CRC - Cyclic Redundancy Check

You've mastered polynomial division and understand why generator polynomials are carefully chosen. Now comes the practical application: how do we actually compute a CRC value?

The sender takes a raw message, applies the CRC algorithm, and produces a protected codeword—the original data plus the appended CRC bits. This codeword has a special property: it is exactly divisible by the generator polynomial. The receiver can then verify this divisibility to detect any transmission errors.

This page walks through the complete CRC calculation procedure with multiple worked examples, explaining both the conceptual framework and practical implementation details.

Let's establish the formal procedure for CRC calculation.
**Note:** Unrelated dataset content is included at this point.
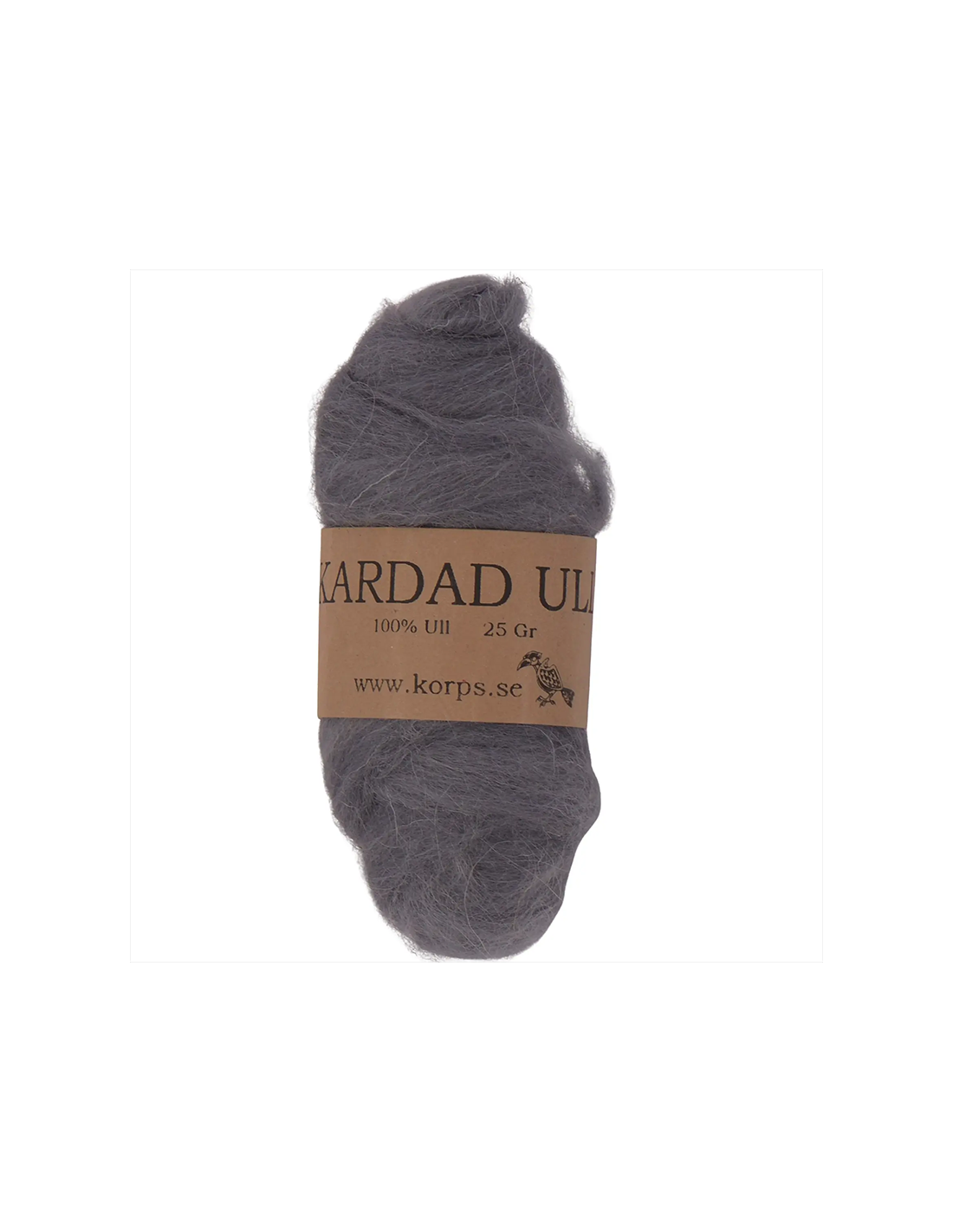 Grå kardad ull från Korps. Idealisk för både våt- och torrtovning, lättanvänt till alla typer av tovningsprojekt, för både nybörjare och erfarna användare.

Given:

• M(x): The message polynomial (data to protect)
• G(x): The generator polynomial of degree r
• T(x): The transmitted codeword

The Goal:

Construct T(x) such that:

1. T(x) contains all of M(x) (the receiver needs the original data)
2. T(x) is exactly divisible by G(x) (enabling error detection)

The Solution:

Append r bits (the CRC value) to M(x) to form T(x). These bits are chosen such that T(x) mod G(x) = 0.

The Algorithm:

1. Multiply M(x) by x^r — This is equivalent to appending r zero bits to the message, creating space for the CRC

2. Divide by G(x) — Compute: x^r · M(x) mod G(x) to get remainder R(x)

3. Form the codeword — T(x) = x^r · M(x) + R(x)

Mathematical Justification:

Why does this work? Let's verify:

$$T(x) = x^r \cdot M(x) + R(x)$$

Divide by G(x): $$\frac{T(x)}{G(x)} = \frac{x^r \cdot M(x) + R(x)}{G(x)}$$

We know that $x^r \cdot M(x) = Q(x) \cdot G(x) + R(x)$ (from the division in step 2).

Therefore: $$\frac{T(x)}{G(x)} = \frac{Q(x) \cdot G(x) + R(x) + R(x)}{G(x)} = Q(x) + \frac{2 \cdot R(x)}{G(x)}$$

But in GF(2), 2 = 0 (since 1 + 1 = 0), so: $$\frac{T(x)}{G(x)} = Q(x) + 0 = Q(x)$$

The remainder is zero! T(x) is exactly divisible by G(x). ✓

Let's walk through a complete CRC calculation with a concrete example.

Given:

• Message M = 110101 (6 bits)
• Generator G = 1011 (polynomial x³ + x + 1, degree r = 3)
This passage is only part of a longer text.